Treatment for PTLD was started in consultation with the medical oncologist. Rituximab (anti-CD20 monoclonal antibody) infusion at 375 mg/m2 was given once a week for 4 weeks (4 doses, 1st cycle). The patient became febrile and developed herpes labialis after the first dose of rituximab and was treated with intravenous acyclovir. PET scan was repeated 1 month after the 1st cycle of rituximab therapy. Compared to the previous scan, there was decrease in size and metabolic activity of axillary, mediastinal, abdominal, and pelvic lymph nodes which suggested a partial response, indicating incomplete remission.
The patient was maintained on low IST with tacrolimus, everolimus, and prednisolone. He was closely monitored clinically and echocardiographically for allograft rejection. The second cycle of rituximab at the same weekly dose was given to the patient over 4 weeks. Routine haematological and biochemistry including the blood levels of tacrolimus and everolimus were carried out at regular intervals. PET scan was repeated 4 weeks following the 2nd cycle. Some more residual active lymph nodes in retroperitoneal region were detected again.
The remaining residual lesion was treated with the 3rd cycle of rituximab. Repeat PET scan after 4 weeks showed complete resolution of lymphadenopathy in all locations and no metabolic activity seen (Fig. 2). The patient showed significant symptomatic improvement, regained his appetite and weight, and resumed his normal activities at 6 months follow-up after remission.
Fig. 2.
Resolution indicated by no uptake on follow-up PET scan (After completion of therapy)
Discussion
Excellent short- and long-term survival have been achieved after heart transplantation for end-stage heart failure patients. With passing time, HTRs face many life-threatening complications including malignancy. PTLD is a devastating complication with high mortality among all malignancies [4–6]. Five years post-transplant, about 24% of deaths are directly caused by malignancy [4] and in those with lymphomas, survival is only 30% [7].

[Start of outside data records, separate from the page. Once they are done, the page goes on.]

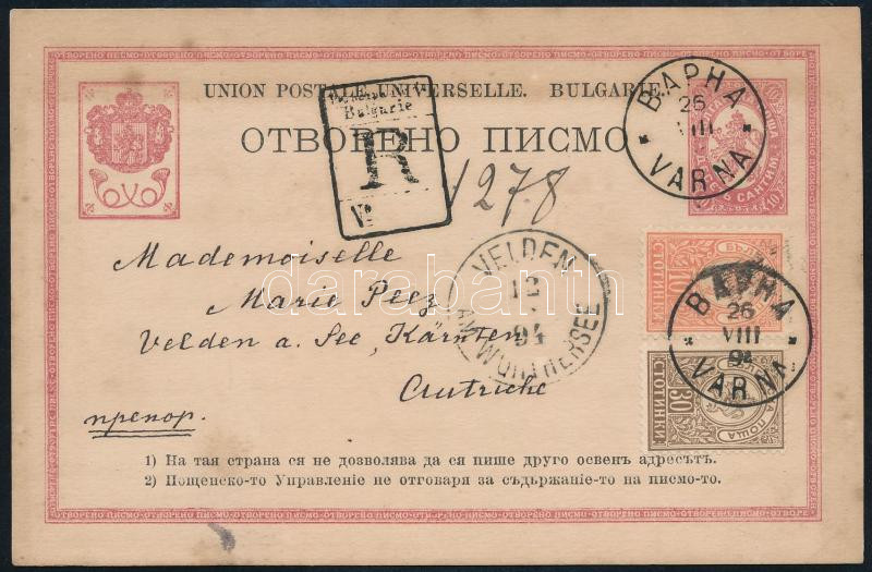 1894 Díjjegyes levelezőlap 2 bélyeges kiegészítéssel / PS-card with ad... https://www.darabanth.com/de/45-Gross-Auktion/45.1/Philatelie-und-Postgeschichte-Ausland/Bulgarien~18903/1894-Dijjegyes-levelezolap-2-belyeges-kiegeszitessel-PS-card-with-additional-franking~II3413751
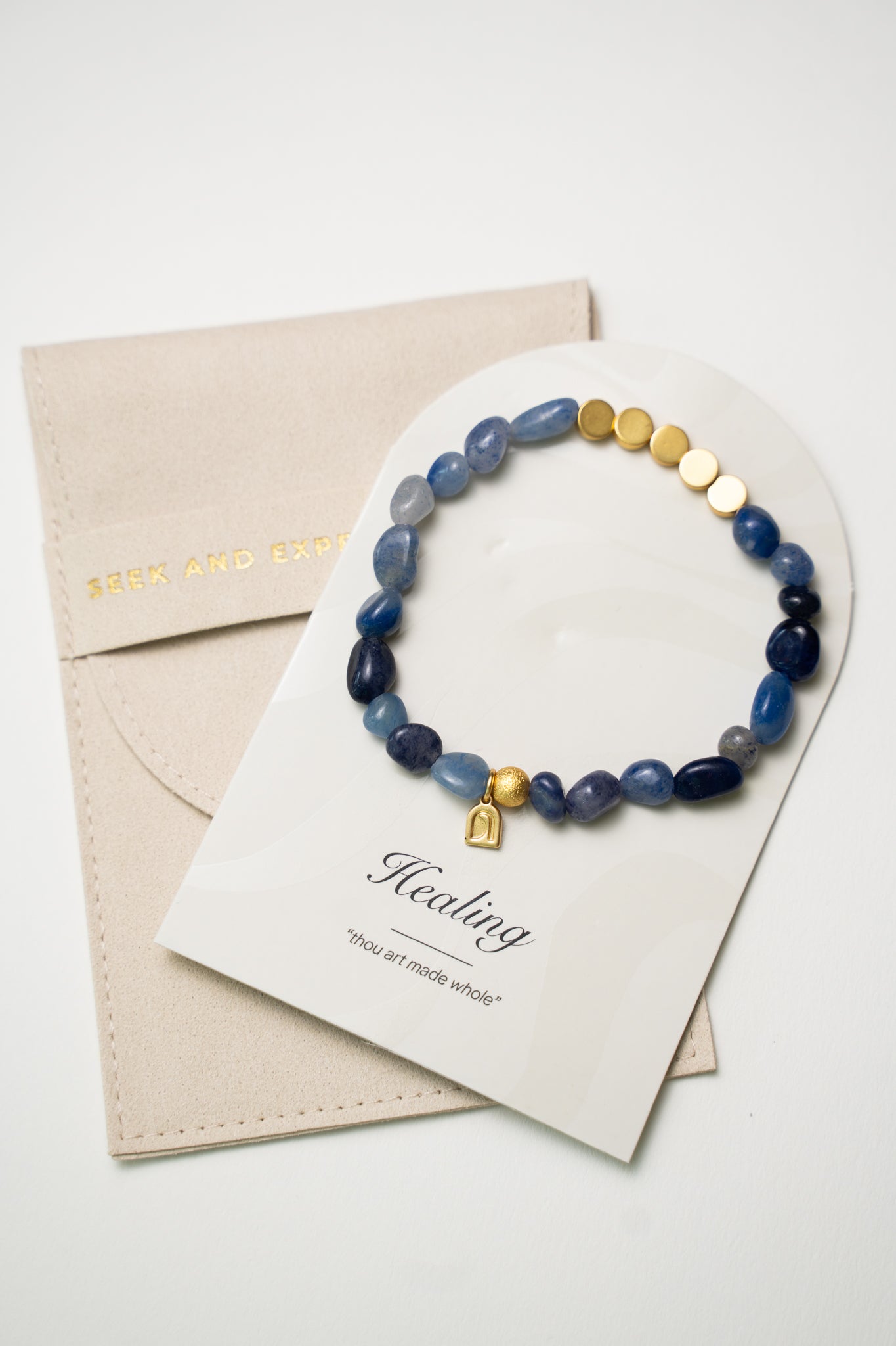 Inspired by the miracle that took place at the pools of Bethesda (described in John 5:2-15), the water-colored aventurine beads in this bracelet represent the pools, and the five gold beads symbolize the five porches of Bethesda. Five is also the number meaning “grace” in Hebrew, and Bethesda can be translated to “the house of grace.” In His timing and through His grace, you will be made whole again. Wear this bracelet as a reminder that He is a God of healing.
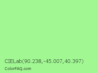 CIELab 90.238,-45.007,40.397 Color is a light green color and the nearest color is Pale Green #98fb98. Hex code #a1f893 and RGB value is rgb(161,248,147). In RGB color space, this color is composed of 63% red, 97% green, 58% blue, In CMYK color space, this color is composed of 35% cyan, 0% magenta, 41% yellow , 3% black , In HSL color space, this color has a hue angle of 112° , 88% saturation and 77% lightness.
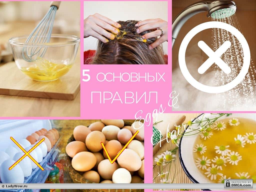 - Для промывки волос после масок используется только теплая вода. От горячей воды яйца могут свернуться и превратиться в хлопья;
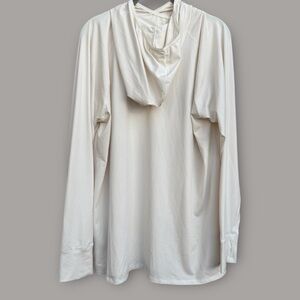 Long-sleeve active top with hood from the North Face, womens size XXL. Good used condition. The material is a stretchy and lightweight. The sleeves have thumb holes.
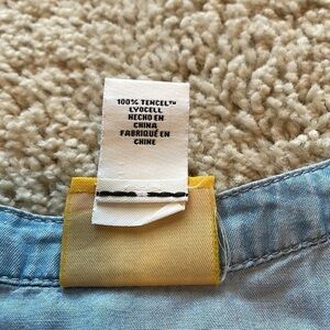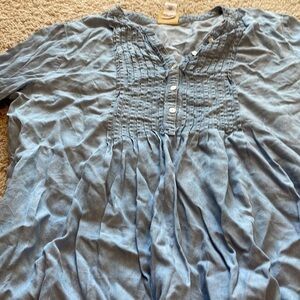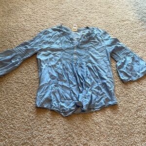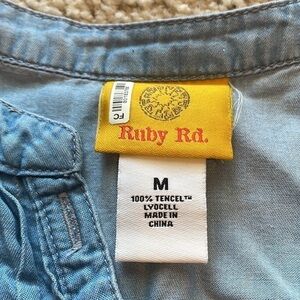 Ruby Rd M denim look top with top buttons and bell sleeves

Cancer risk in HTRs depends on recipient age, duration, and intensity of IST [4, 5]. Risk factors for PTLD include EBV infection, high-intensity IST, and induction therapy using OKT3 (murine monoclonal anti-T cell antibody) [5, 7]. Lund et al. described some strong risk factors of non-skin malignancies following heart transplant, which included antibody induction agents (hazard ratio (HR) 2.38, 95% confidence interval (CI) 1.40–4.07), donor history of cancer (HR 1.95, 95% CI 1.09–3.48), female sex (HR 1.87, 95% CI 1.26–2.78), etc. [4]. Antilymphocyte agents like anti-thymocyte globulin (ATG), anti-CD3 monoclonal antibodies, and azathioprine cause profound T-cell depletion and increase the risk of PTLD by 25% as compared to normal individuals [1, 7, 9]. None of these factors was associated with our patient; he was a young male and we did not use any induction agent.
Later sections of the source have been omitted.